Step 3: The Bot Main Loop

python

# bot.py
import anthropic
import json
from rich.console import Console
from rich.markdown import Markdown
from tools import TOOL_FUNCTIONS
from tool_definitions import TOOLS
 
console = Console()
claude = anthropic.Anthropic()
 
SYSTEM_PROMPT = """You are a DevOps assistant with access to Kubernetes cluster tools.
When users ask about deployments, pods, or logs — use your tools to get real data, 
then explain it clearly. When scaling or modifying resources, confirm what you're 
about to do before executing. Default namespace is 'default' unless specified."""
 
 
def run_tool(tool_name: str, tool_input: dict) -> str:
    """Execute a tool and return the result as a string."""
    if tool_name not in TOOL_FUNCTIONS:
        return json.dumps({"error": f"Unknown tool: {tool_name}"})
    
    console.print(f"[dim]→ Running: {tool_name}({tool_input})[/dim]")
    
    result = TOOL_FUNCTIONS[tool_name](**tool_input)
    return json.dumps(result, indent=2, default=str)
 
 
def chat(messages: list) -> str:
    """Send messages to Claude and handle tool use in a loop."""
    while True:
        response = claude.messages.create(
            model="claude-sonnet-4-6",
            max_tokens=4096,
            system=SYSTEM_PROMPT,
            tools=TOOLS,
            messages=messages,
        )
        
        # If no tool use, return the text response
        if response.stop_reason == "end_turn":
            text = ""
            for block in response.content:
                if hasattr(block, "text"):
                    text += block.text
            return text
        
        # Handle tool use
        if response.stop_reason == "tool_use":
            # Add assistant's response to messages
            messages.append({"role": "assistant", "content": response.content})
            
            # Execute each tool call
            tool_results = []
            for block in response.content:
                if block.type == "tool_use":
                    result = run_tool(block.name, block.input)
                    tool_results.append({
                        "type": "tool_result",
                        "tool_use_id": block.id,
                        "content": result,
                    })
            
            # Add tool results to messages
            messages.append({"role": "user", "content": tool_results})
            # Continue the loop — Claude will now respond with final answer
 
 
def main():
    console.print("[bold cyan]DevOps Bot[/bold cyan] — Ask me about your Kubernetes cluster")
    console.print("Type 'exit' to quit\n")
    
    conversation = []
    
    while True:
        user_input = console.input("[bold green]You:[/bold green] ").strip()
        
        if user_input.lower() in ("exit", "quit"):
            break
        
        if not user_input:
            continue
        
        conversation.append({"role": "user", "content": user_input})
        
        response = chat(conversation)
        console.print("\n[bold blue]Bot:[/bold blue]")
        console.print(Markdown(response))
        console.print()
        
        conversation.append({"role": "assistant", "content": response})
 
 
if __name__ == "__main__":
    main()

Step 4: Run It

bash

export ANTHROPIC_API_KEY=sk-ant-your-key
python bot.py

DevOps Bot — Ask me about your Kubernetes cluster

You: What's running in the production namespace?
→ Running: list_deployments({"namespace": "production"})

Bot:
Here's what's running in the **production** namespace:

| Deployment | Replicas | Available | Image |
|-----------|----------|-----------|-------|
| api-server | 3 | 3 | api:v2.4.1 |
| payments | 2 | 2 | payments:v1.9.0 |
| frontend | 4 | 3 | frontend:v3.1.2 |

⚠️ **frontend** has only 3/4 replicas available — one pod may be unhealthy.
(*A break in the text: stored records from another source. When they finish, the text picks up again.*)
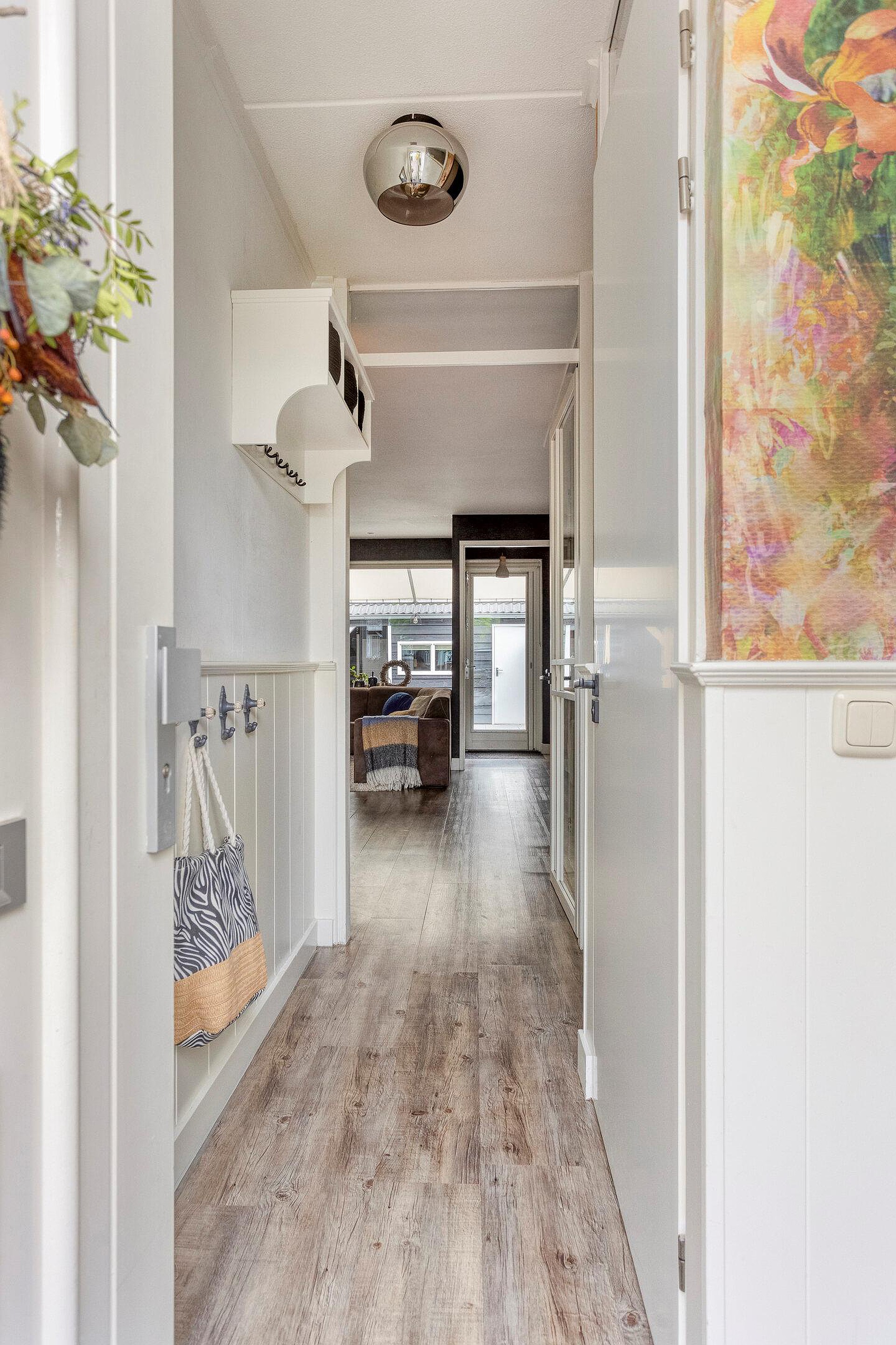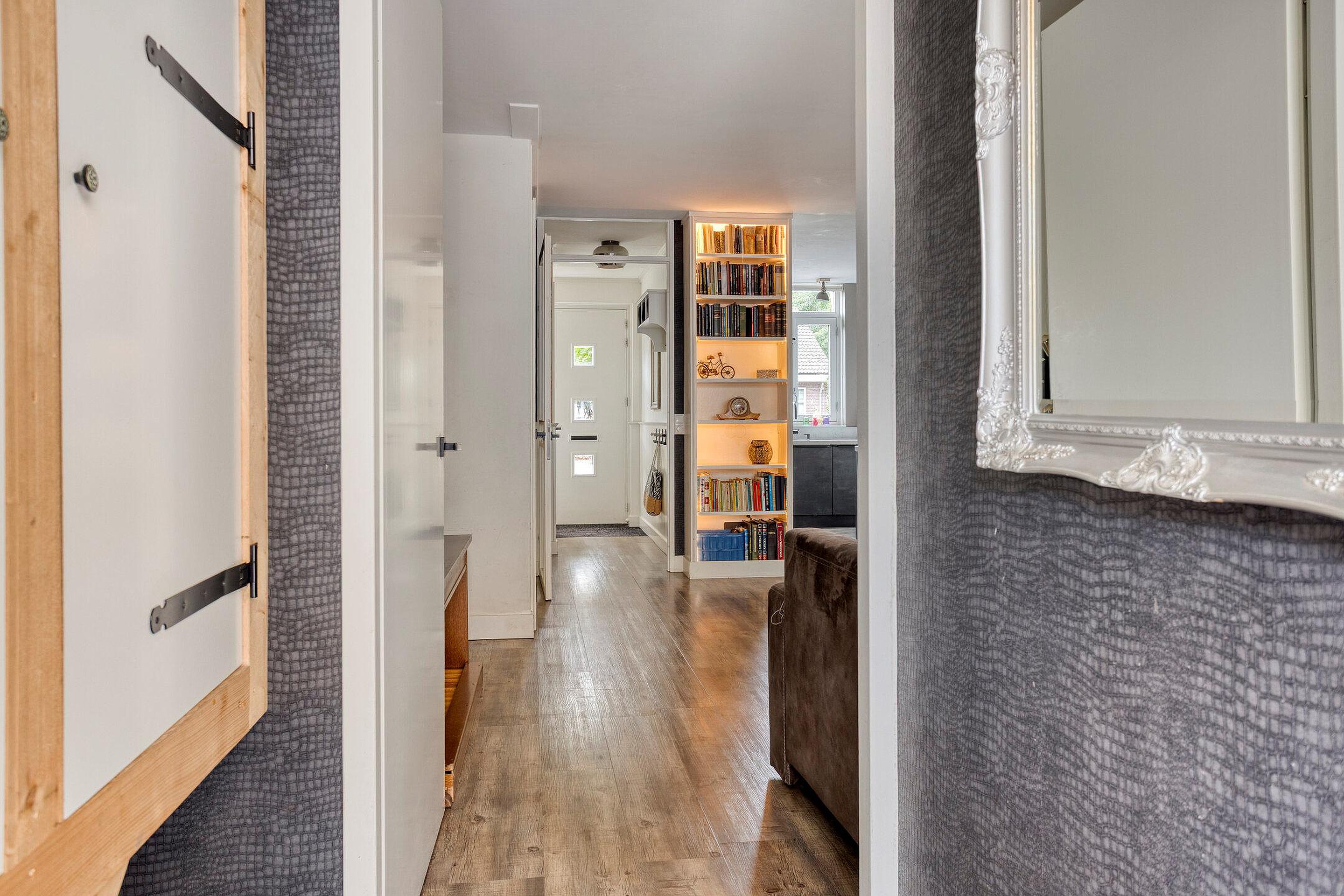 Een eigen oprit met aangrenzende voortuin leidt naar de entree van de woning. Binnenkomst is in de hal, waar u toegang heeft tot het toilet, de trap naar de eerste verdieping en de woonkamer. De ruimte biedt plaats voor een kapstok of opbergmeubel, waardoor u hier meteen een nette en praktische ontvangst creëert.
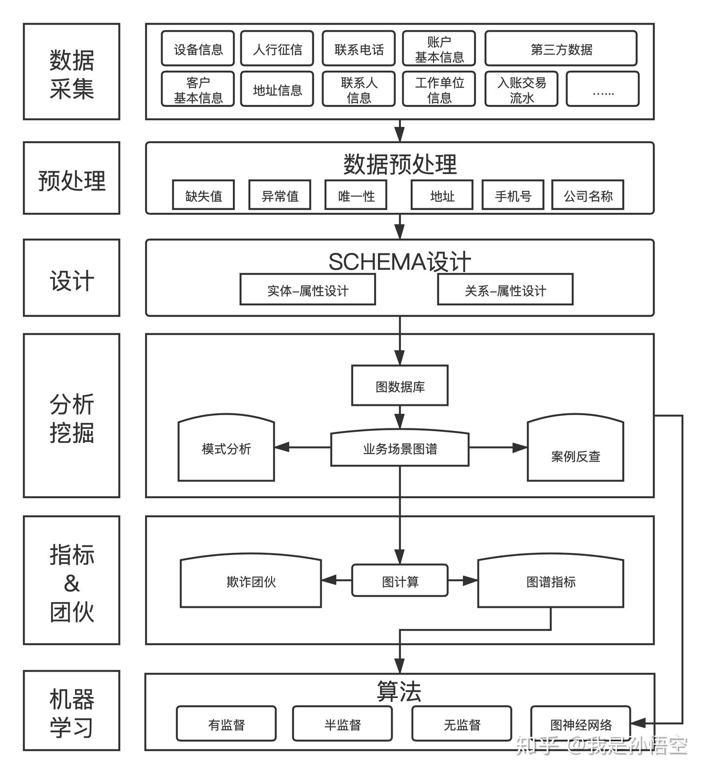 梳理数据->设计图谱->构建图谱->社区划分->社群定性->团伙输出
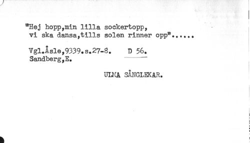 //// ..... ) *. //// "Hej hopp,min lilla sockertopp, //// vi ska dansa,tills solen rinner opp"...... //// Vgl.Åsle,9339.s.27-8. D 56. //// Sandberg,E. "-----, //// UU^IA SANGLEKAR. //// b //// - //// c //// i ////

You: Why is the frontend pod unhealthy?
→ Running: list_pods({"namespace": "production", "label_selector": "app=frontend"})
→ Running: get_pod_events({"namespace": "production", "pod_name": "frontend-7d9f8b-xk2p"})

Bot:
The pod **frontend-7d9f8b-xk2p** is in **CrashLoopBackOff** with 8 restarts.

Events show:
- `OOMKilled` — the container was killed because it exceeded its memory limit (256Mi)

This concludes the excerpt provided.